I sit for a while to clear my head, and then off to the locker room to clean up and do some damage repair. In my line of work, a guy can’t have too many scrapes and scabs; it drives the price down.

So in the locker room I think, hmm, what’s next? It’s still pretty warm; what do I have in my bag left to work the high school runways with? I dig out a couple of blue long-sleeve t-shirts and a thin pair of tie-dye thermals I’ll use for tights in dance class. The thinnest t-shirt I’ll use for a top and the other for a bottom tucking the sleeves back inside the arm holes and the neck-hole around my waist. It will look great with the white socks and shoes from the earlier outfit. It just needed some kind of flash to pull it all together. I know this is the second outfit that is pretty girlie. I think I do it sometimes to make the other kids crazy.

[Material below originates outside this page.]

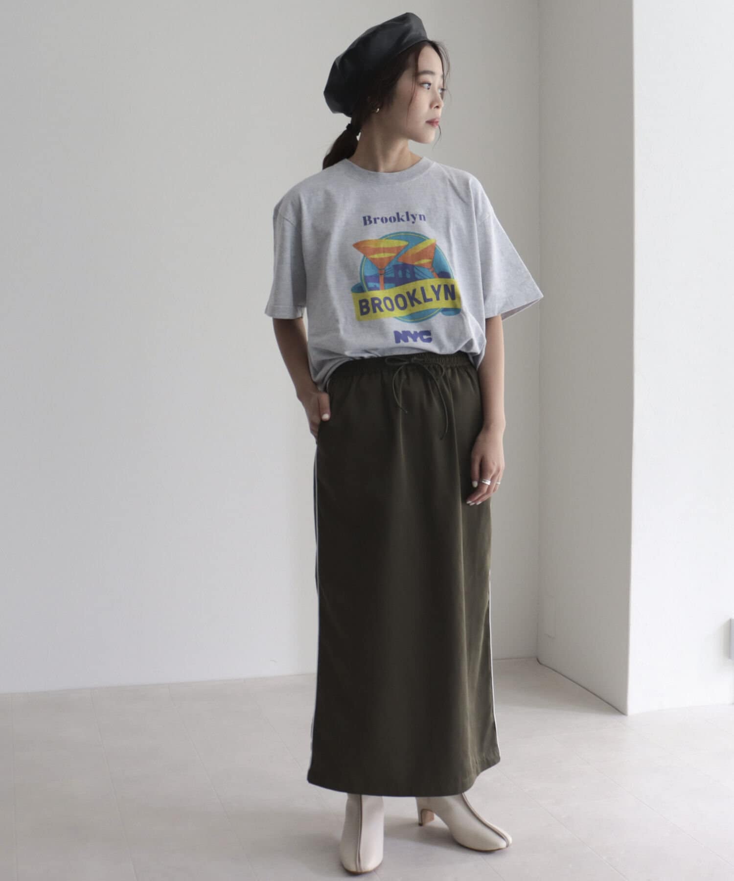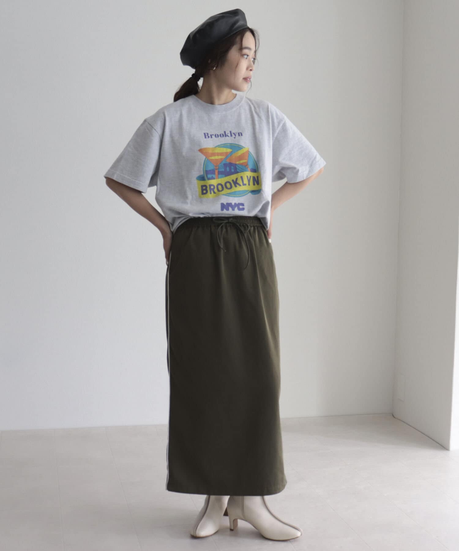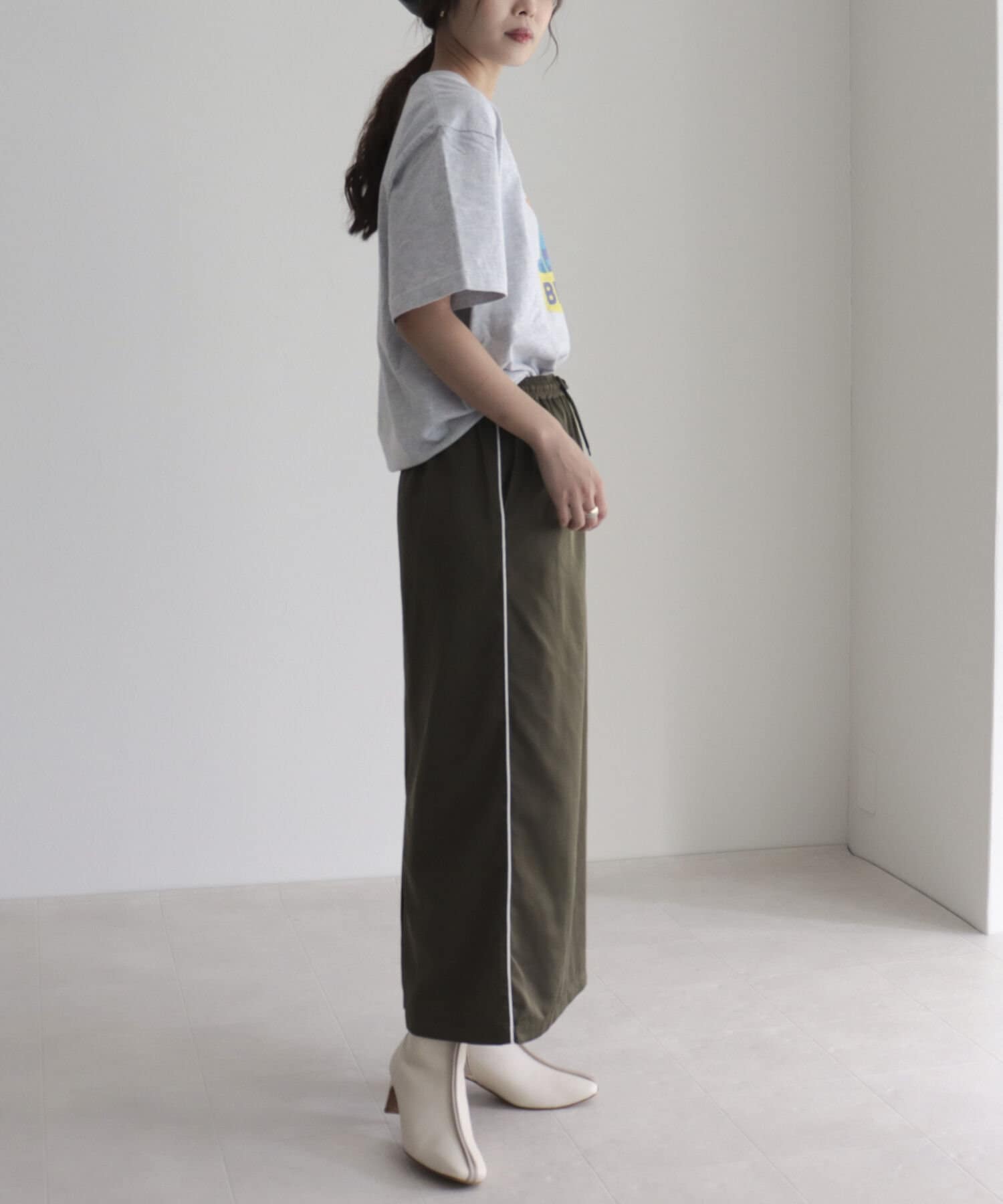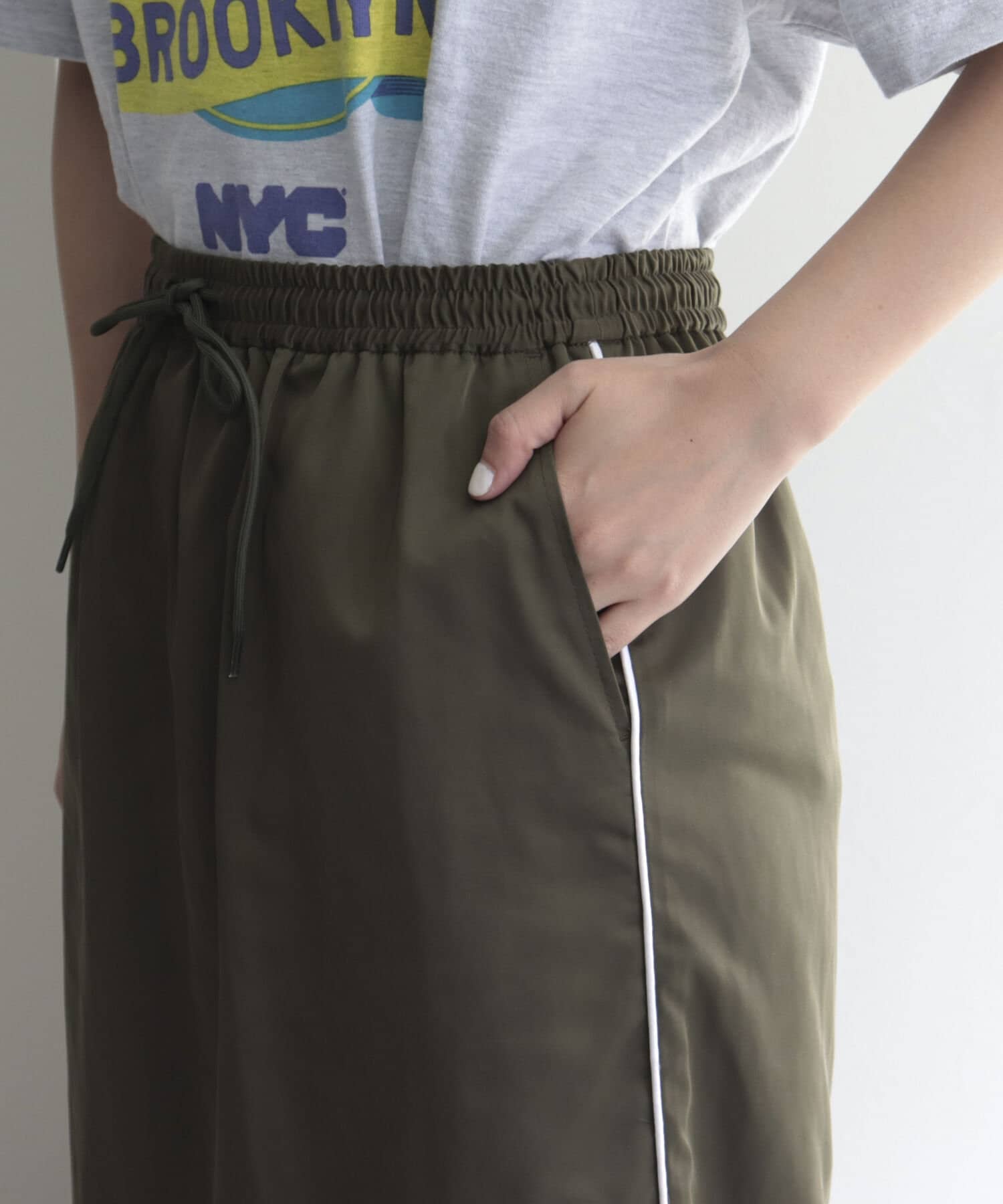 細めのサイドラインがカジュアルすぎないスカート

It’s also soo different from what I wear anytime I’m away from Hollywood. Its boy-clothes all the time without fail. Often my life depends on it. So while I’m here and safe enough, I’ll wear whatever strikes my fancy. Two weeks ago it was Army surplus every day. As I get dressed, I start to feel a little better, and I find a leather belt that De-De gave me that says “starchild” in brass lettering. Cool, this will help, but I will still need something for the neckline.

Maybe something will show up during lunch or my last two classes. I think I look good enough for Cliff-a-tina and the Gay Mafia, and Ms. Shell Rhoades can cool it now that we are not evil twins.

When I think of lunch time it brings a smile and a frown. I know I will see my friends, I don’t know if I want to see Rocky. I am soo like sure I don’t want to see Shell with her stank attitude. It may not be my time of the month, but I’m not in the mood.